Ouvindo atrás da porta

Parte 2...

Camila

Eu estava saindo da cozinha e ao passar em frente do escritório de meu pai, parei ao ouvir a voz de minha mãe.

— Eu sei da importância desse acordo, meu marido... Mas você não acha que ela deveria poder escolher?

— Escolher o quê, Valéria? - a voz de meu pai era seca — Nossa filha é aleijada.

— Pelo amor de Deus, homem, não fale assim dela - encostei o ouvido na porta ao ouvir minha mãe retrucar — Camila não é aleijada.

— E ela manca porque motivo, então? - ouvi um som forte, como uma cadeira sendo arrastada — É um charme dela?

Ouvir aquilo me deixou triste. Meu pai nunca aceitou meu problema, que nem mesmo foi criado por mim. Aliás, se existe um culpado disso dentro dessa família, ele é quem deve se sentir assim. Eu fui uma vítima.

— Por que você tem que ser frio dessa forma, Hector? Ela é sua filha. Sua única filha!

O silêncio que se seguiu foi tão cortante quanto as palavras do meu pai. Encostei a mão na maçaneta, hesitando entre entrar e enfrentar aquela discussão ou simplesmente sair dali para evitar ouvir algo pior.

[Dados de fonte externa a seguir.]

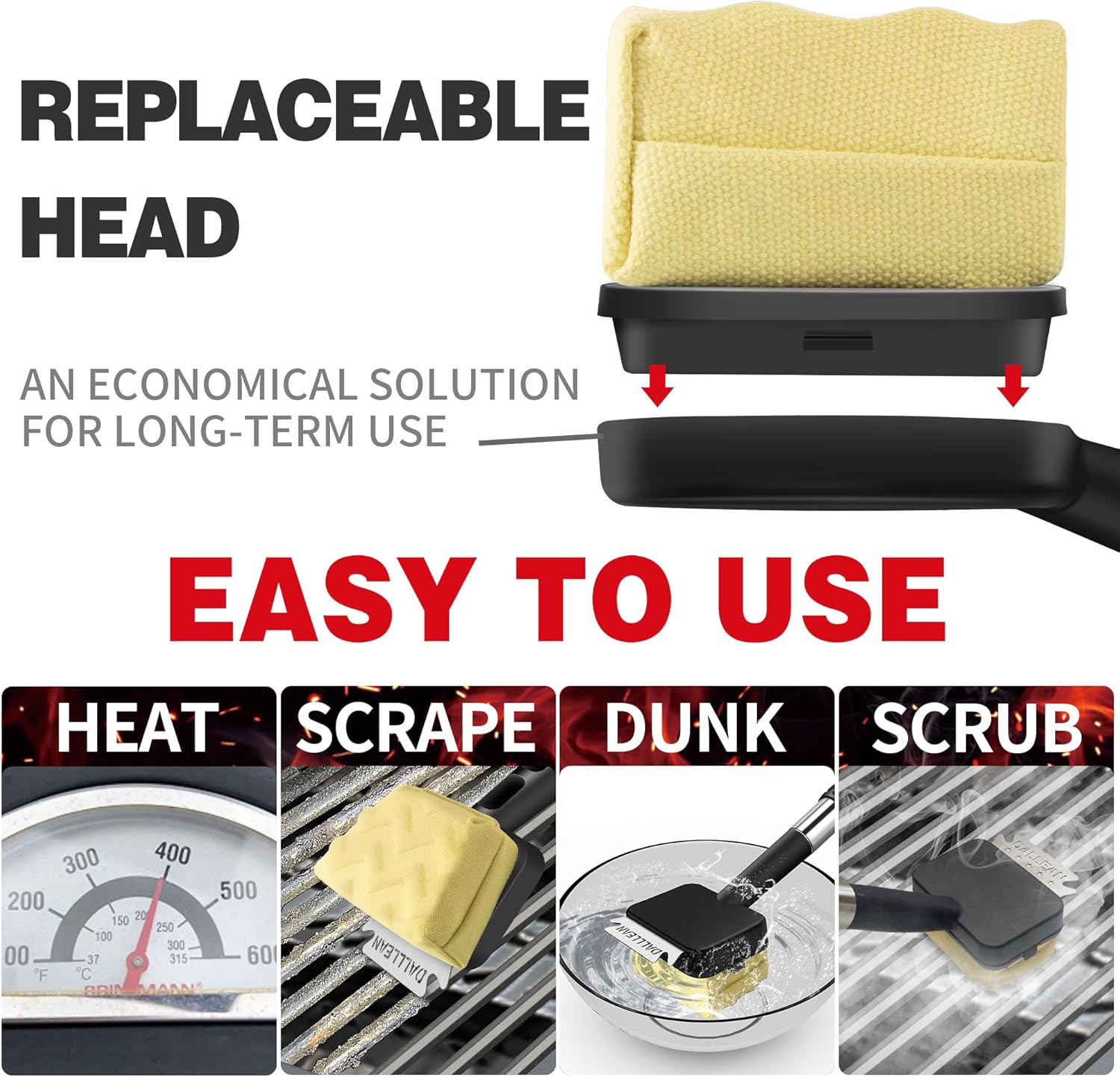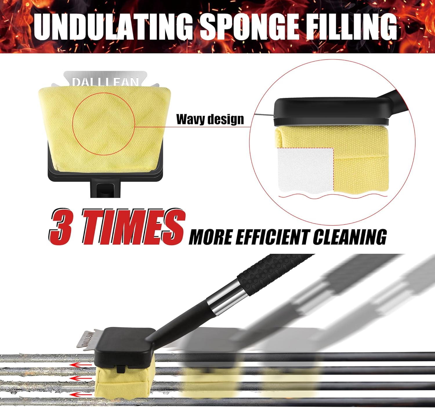 - 【Trapezoid-Shaped Design Sponge Grill Brush Head 】Keep the lovely grill clean and safe with the DALLLEAN bristle-free grill brush. The sponge head is made of heat-resistant foam and wrapped in a high-temp fabric, not same like wire grill brushes, no dangerous metal bristles will end up in the food.

— Hector, você não deveria falar assim da sua própria filha... Até parece que você não a ama - a voz de minha mãe estava mais firme agora, como se ela estivesse disposta a não ceder dessa vez. — Camila é muito mais do que isso. Ela é inteligente, forte, divertida e tem uma resiliência que...

— Resiliência? - meu pai interrompeu, a voz carregada de frustração. — Você acha que resiliência vai protegê-la? Vai impedir que os inimigos vejam uma fraqueza e a ataquem?

Senti meu peito apertar. Fraqueza? Era assim que ele me via?

Minha mãe não recuou. Eu podia imaginar seu olhar firme, aquele que ela sempre reservava para as discussões mais sérias.

— O que aconteceu com Camila foi culpa nossa, Hector - ela disparou. — Não foi culpa dela. E você sabe disso melhor do que ninguém.

Por um momento, o silêncio retornou, mas dessa vez parecia mais pesado. Meu pai soltou um suspiro audível, como se estivesse carregando um fardo impossível de suportar.

— Valeria, eu carrego essa culpa todos os dias - ele disse, em um tom mais baixo. — Mas isso não muda o fato de que ela está marcada. Não só pela perna, mas pelo que aconteceu. E é por isso que precisamos garantir que ela esteja protegida...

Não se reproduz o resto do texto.